After the elections a funny thing happened: President Hollande followed through with his plan. With a strong majority in parliament (see Wikipedia article) getting the neccessary change to the tax code was no problem. A first version of the necessary law was ruled unconstitutional by the French Supreme Court (see Article) because it fails to guarantee taxpayer equality. The questions raised by the French Supreme Court are widely seen to be solvable. A second version of the law is expected to be passed sooner rather than later.

Predictably some tax payers are having none of it and move to French speaking parts of Belgium where top tax rates are a mere 50% (see Article)

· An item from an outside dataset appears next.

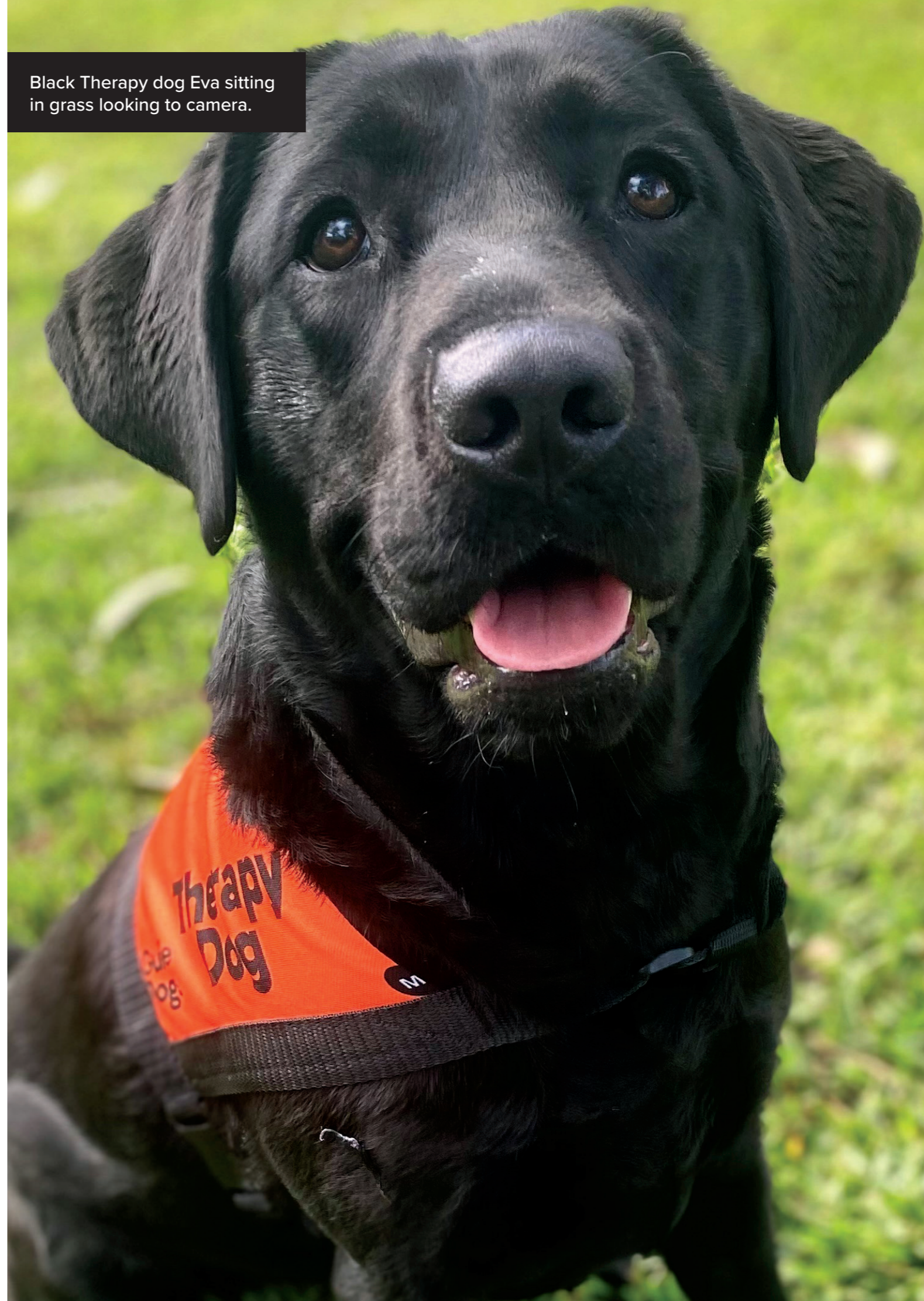
Black Therapy dog Eva sitting in grass looking to camera.

One of the more famous Frenchmen is going full circle after stating that he has paid EUR 145 million in taxes over the last 45 years and is employing 80 people (see Article) he has decided to renounce his citizenship. A few days later Russia's Vladimir Putin offered the citizenship of the Russian Federation to Depardieu. Depardieu has accepted (and now apperently loves Russia and Putin see Article ), travelled to Sotschi and fetched his passport after meeting Vladimir Putin.

Depardieu will now pay a 13% flat tax on his income.

For all those job creators devastated by recent tax hikes there may be a great opportunity:
Go all the way and move to North Korea. They have abolished all taxes in 1974 (see Wikipedia). You can find highly qualified, loyal and motivated personnel there. And they will not not abandon their positions for higher salaries once they are trained (http://www.korea-dpr.com/...).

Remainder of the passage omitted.